II. Das Bundesverwaltungsgericht hat erwogen:

1.       Feststellungen:

Der entscheidungsrelevante Sachverhalt steht fest.

1.1.    Zum sozialen Hintergrund des BF:

Der BF führt den Namen XXXX , geboren am XXXX , ist Staatsangehöriger der Islamischen Republik Afghanistan, Angehöriger der Volksgruppe der Hazara und wurde als Moslem schiitischer Glaubensrichtung geboren. Nach eigenen Angaben ist der BF konfessionslos. Die Muttersprache des BF ist Dari. Er ist im erwerbsfähigen Alter und ist, abgesehen von einer therapeutischen Behandlung wegen Angst- und Schlafstörungen, gesund.

Der BF wurde nach seinen Angaben in Afghanistan Distrikt XXXX in der Provinz Ghazni geboren und wuchs in seinem Heimatdorf auf, wo er zwölf Jahre in die Schule ging. Danach studierte in Kabul, wo er ein Studium als Bachelor abschloss und Berufserfahrung als Verkäufer gesammelt hat. In seinem Heimatland sind noch zahlreiche Verwandte, unter ihnen seine Mutter, sein Bruder und seine Schwester, aufhältig. Zu diesen hat der BF noch regelmäßigen Kontakt. Die Ehe zu seiner Frau wurde mittlerweile einseitig von der Ehefrau aufgelöst und hat keinen Bestand mehr. In Österreich hat der BF keine Angehörigen. Der BF ist geschieden und hat keine Kinder.

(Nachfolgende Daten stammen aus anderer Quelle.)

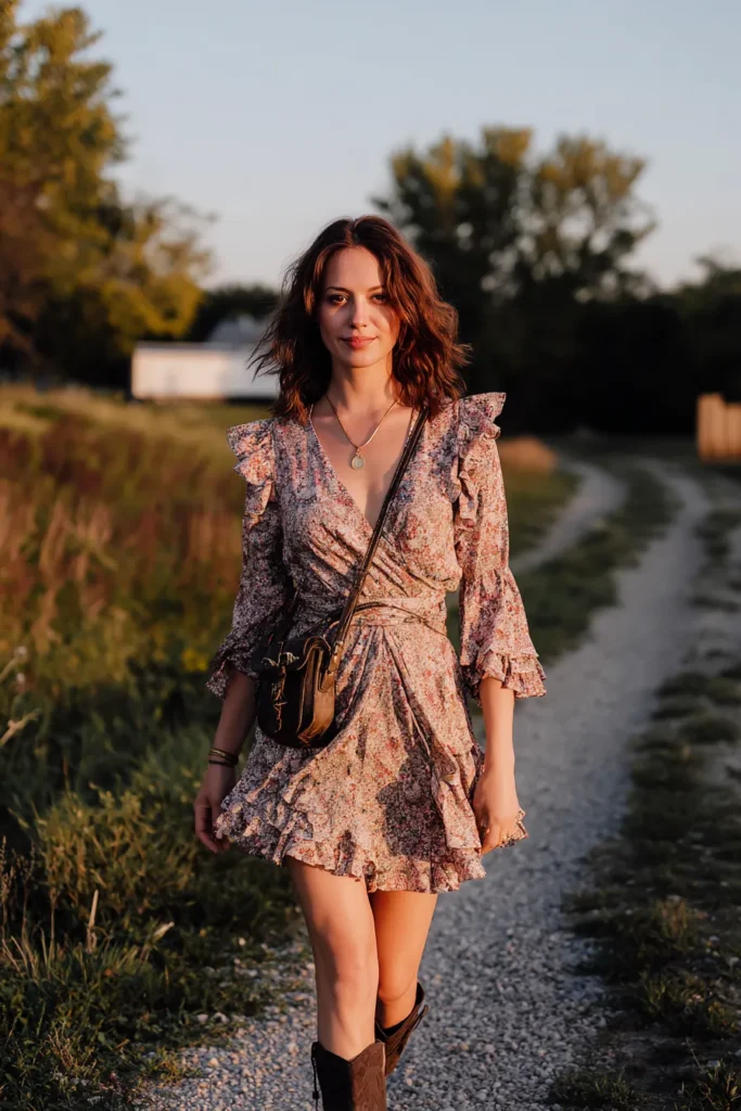This outfit captures that effortless countryside charm I always associate with boho style. The woman is wearing a soft floral wrap dress with ruffled edges that move beautifully as she walks. The lightweight fabric and muted tones give it a relaxed, feminine feel. Her crossbody leather bag adds a touch of practicality while keeping the outfit grounded. Paired with classic brown boots, it feels both romantic and down-to-earth.

Der BF ist daher in seinem Herkunftsstaat auch nicht vorbestraft und hatte keine nennenswerten Probleme mit Behörden und war dort politisch nicht aktiv. Der BF ist in Österreich unbescholten.

Der BF ist nach seiner Ausreise aus Afghanistan, über den Iran und die Türkei, in Griechenland auf das Gebiet der EU eingereist. Am 11.11.2015 stellte er in Österreich einen Antrag auf internationalen Schutz.

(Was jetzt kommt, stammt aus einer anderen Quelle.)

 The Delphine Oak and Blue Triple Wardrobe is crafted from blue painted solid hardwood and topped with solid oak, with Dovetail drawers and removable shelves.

Der BF ist nach den afghanischen Gepflogenheiten und der afghanischen Kultur sozialisiert, er ist mit den afghanischen Gepflogenheiten vertraut.

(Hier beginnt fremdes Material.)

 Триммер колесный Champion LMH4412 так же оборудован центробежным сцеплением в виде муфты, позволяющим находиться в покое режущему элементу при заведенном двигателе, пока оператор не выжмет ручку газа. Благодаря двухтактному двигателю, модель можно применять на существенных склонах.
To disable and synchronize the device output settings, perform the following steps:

1.2.    Zu den Fluchtgründen des BF:

Der BF stellte am 11.11.2015 einen Antrag auf internationalen Schutz in Österreich. Seinen Antrag auf internationalen Schutz begründet der BF im Wesentlichen damit, dass er sein Heimatland verlassen habe, weil er vor fünf Jahren zum Christentum konvertiert sei. Er habe aus Angst vor einer Hinrichtung den Religionswechsel geheim gehalten. Er habe in den letzten zwei Jahren in Kabul ein Geschäft betrieben, in dem auch alkoholische Getränke verkauft worden wären. Dies hätten die Behörden in Erfahrung gebracht und den BF bereits zu Hause heimgesucht. Dies habe er telefonisch von seinem Zimmerkollegen erfahren. Er habe danach gleich das Geld aus dem Geschäft geholt und sei geflohen. Im Laufe des Verfahrens änderte der BF sein Vorbringen dahingehend, dass er nicht mehr an das Christentum glaube, sondern er nun Atheist wäre.

Der BF wurde weder von Privatpersonen noch von den Taliban noch einer sonstiger regierungsfeindlichen Gruppierung entführt, festgehalten oder von diesen oder dieser bedroht noch wird er von den staatlichen Behörden gesucht. Der BF wurde seitens Privatpersonen, der Taliban oder einer sonstiger regierungsfeindlichen Gruppierung nicht aufgefordert mit diesen oder dieser zusammen zu arbeiten oder diese zu unterstützen. Der BF wurde von den Taliban oder einer sonstiger regierungsfeindlichen Gruppierung weder angesprochen noch angeworben noch sonst in irgendeiner Weise bedroht. Er hatte in Afghanistan keinen Kontakt zu den Taliban oder einer sonstiger regierungsfeindlichen Gruppierung, er wird von diesen oder dieser auch nicht gesucht.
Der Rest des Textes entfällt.